We conclude that $p$ and $q$ are both irreducible. But then $p \mid (\sqrt{pq})^2$, $q \mid (\sqrt{pq})^2$, yet $p \nmid \sqrt{pq}$, $q \nmid \sqrt{pq}$. Therefore $\mathcal{O}_{\mathbb{Q}(\sqrt{pq})}$ is not UFD.
I hope this is enough of a hint for you to figure out the case $q \equiv 3 \pmod 4$.
Solution 2:
If $$\left(\frac{q}{p}\right) = -1,$$ that means that $q$ is not a quadratic residue modulo $p$. That much is obvious, right? It also means that $q$ is not a quadratic residue modulo $pq$ either. Thus, in your example, since 2 is not a quadratic residue modulo 5, it can't be a residue modulo 10 either, and is therefore irreducible.
Since $q$ is irreducible, it's not divisible by $\sqrt{pq}$. So we conclude that $pq$ has two distinct factorizations in $\mathbb Z[\sqrt{pq}]$: $$(\sqrt{pq})^2 = pq.$$
Well, that might slightly wrong if $p$ can be broken down, but $q$ can't. In order to present this answer first, I have not actually pondered the significance of quadratic reciprocity to your question.
Solution 3:
Let $N$ denote the usual norm, i.e. $N(x+\sqrt{pq}y) = (x+\sqrt{pq}y)(x-\sqrt{pq}y) = x^2-pqy^2$.

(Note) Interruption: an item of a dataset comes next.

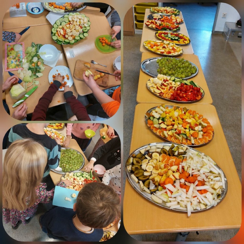 Am Mittwoch 5. Oktober haben auch die Luchse fleißig Obst und Gemüse auf dem Markt eingekauft. Gemeinsam mit den Mäusen, der Deutschsprachlernklasse, wurde am Freitag, den 7.Oktober das Obst und Gemüse gewaschen und geschnitten und anschließend auf Platten gelegt. "Lecker! Lecker!", "Können wir das noch einmal machen?" "Radieschen schmecken gar nicht schlecht" - das waren nur einige Aussagen nach dieser tollen gemeinsamen Aktion.

The hypotheses are that $\left( \frac{-1}{p} \right) = 1$ and $\left( \frac{q}{p} \right) = -1$, or equivalently that $\left( \frac{\pm q}{p} \right) = -1$, or equivalently that $x^2\equiv q\pmod{p}$ and $x^2\equiv -q\pmod{p}$ are not solvable in the integers.

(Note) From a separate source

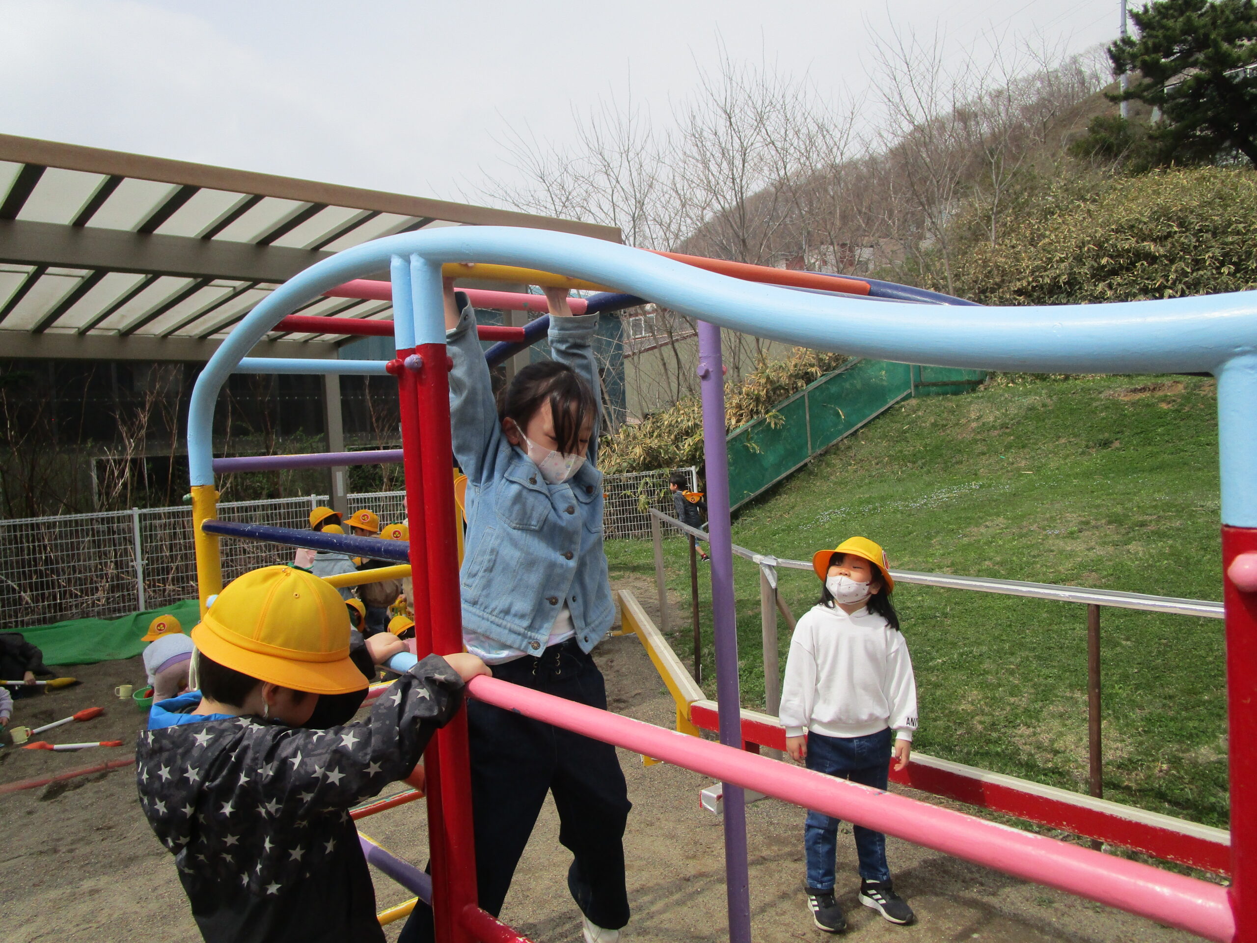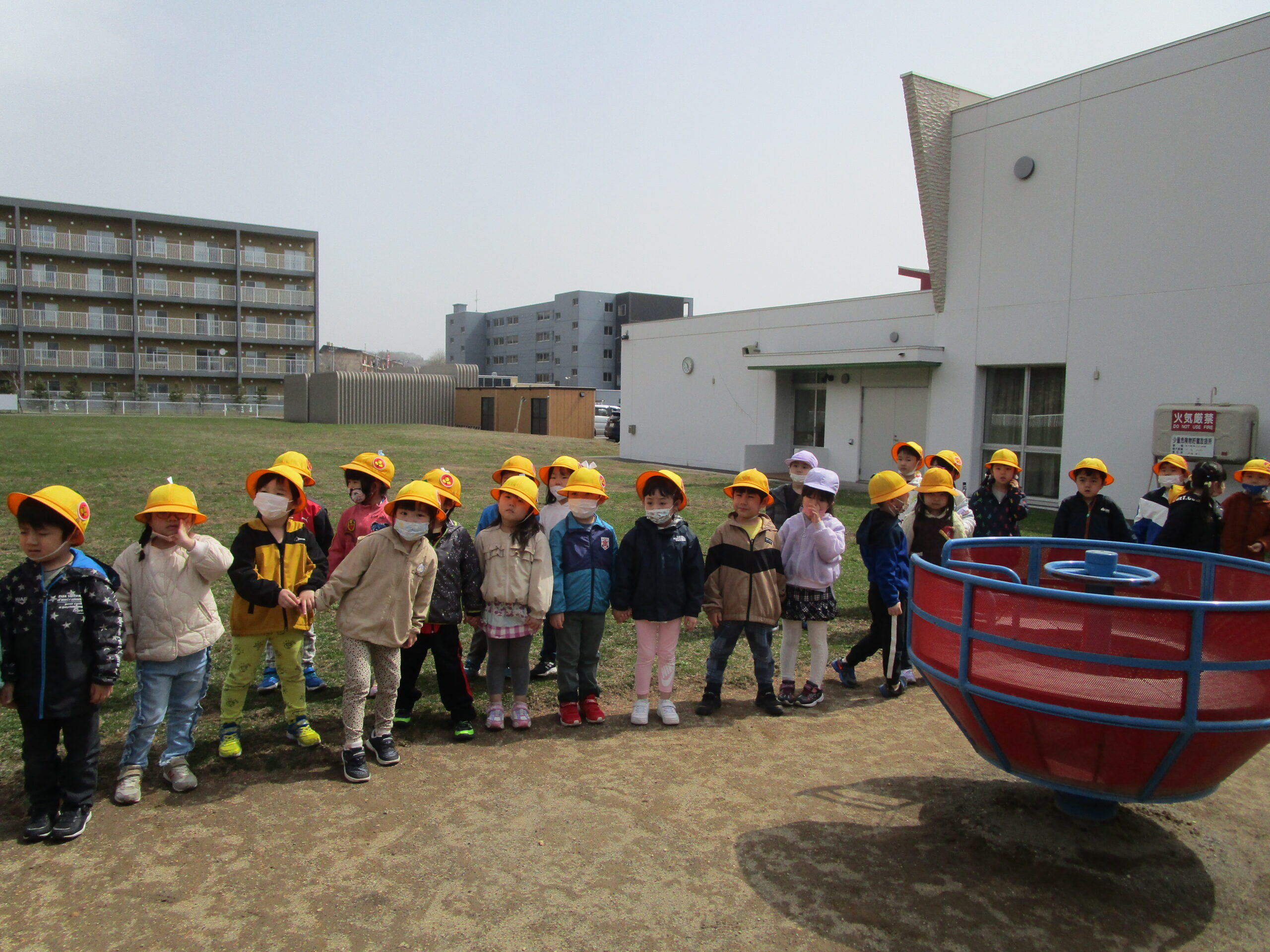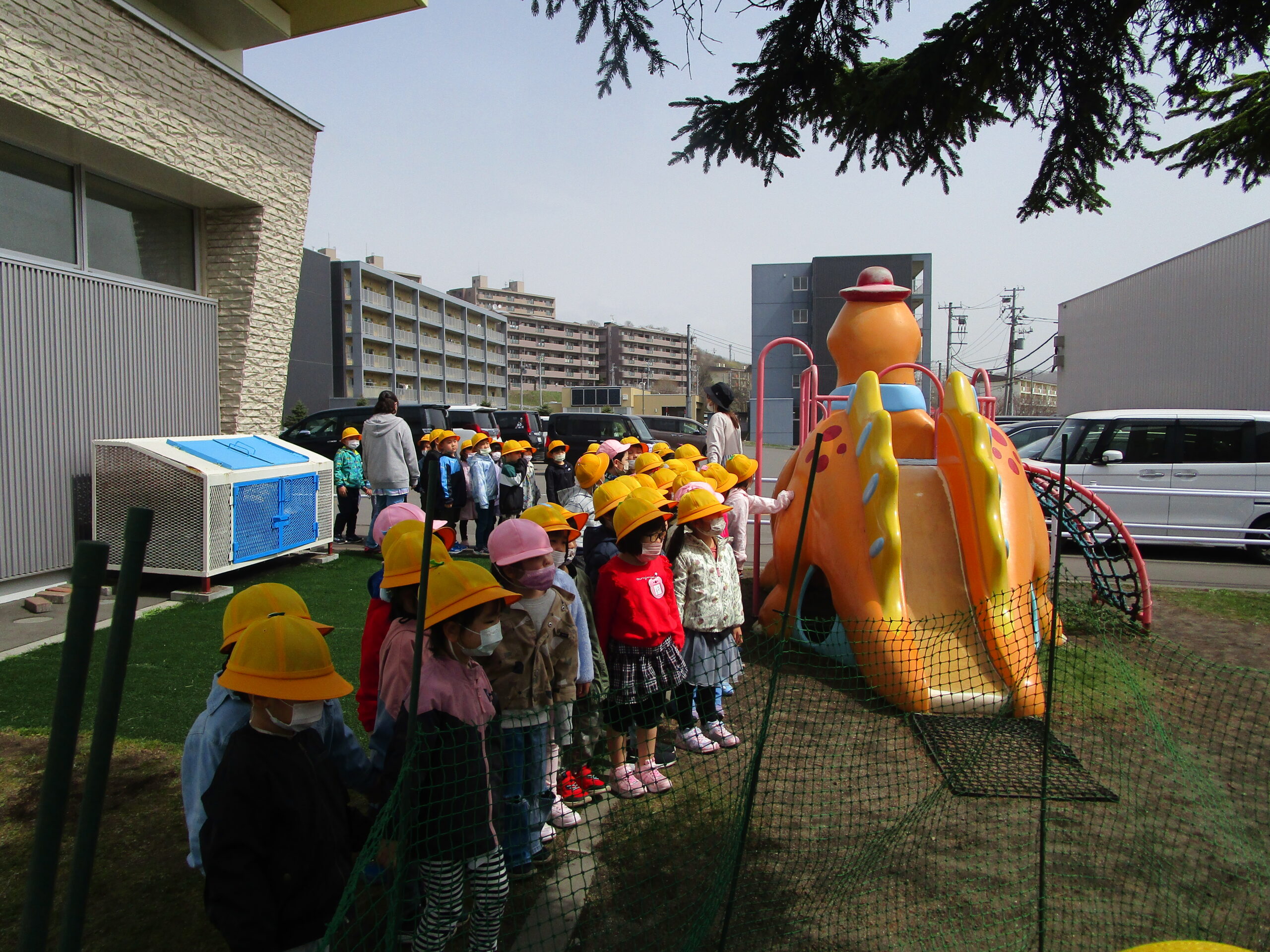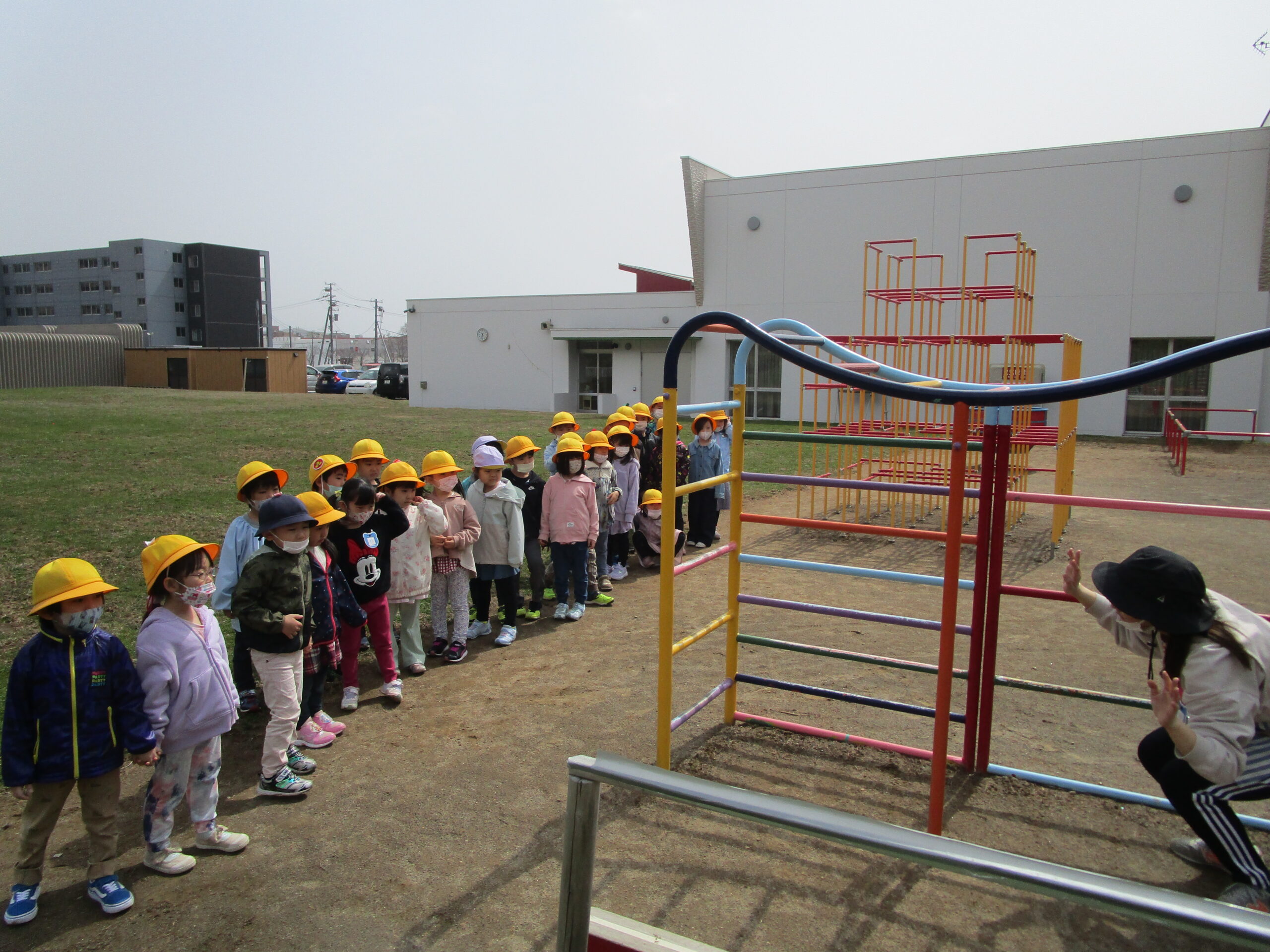 今日4月14日(金)年長学年は園外見学を行いました。4月12日には、園内見学を終え、今日はお外のお約束事や遊具のルールを子どもたちと確認しました。遊び方や注意事項を伝えていくと子どもたちからの反応も多くありみんなで再確認をすることができました。園外見学後には、みんなで元気一杯体を動かしてお外遊びを行いました。気温も高く上着を脱いで鬼ごっこやかけっこを楽しむ姿も見られました。今後も天候のいい日にはお外遊びに行きたいと思います♪

If $\alpha = x+\sqrt{pq}y\in\mathbb Z[\sqrt{pq}]$, then $N(\alpha)\equiv x^2 \pmod{p}$, so the hypotheses imply that neither $q$ nor $-q$ is a norm element. Hence $N(q) = q^2$ and $N(\sqrt{pq}) = -pq$ are not expressible as a product of two nonunit norm elements. This proves that $q$ and $u:=\sqrt{pq}$ are irreducible elements of $\mathbb Z[\sqrt{pq}]$. Since $u\cdot u = p\cdot q$, if $\mathbb Z[\sqrt{pq}]$ were a UFD we would have to have that $u, p$ and $q$ are all associate primes. But this is not so, because their norms are not associate integers.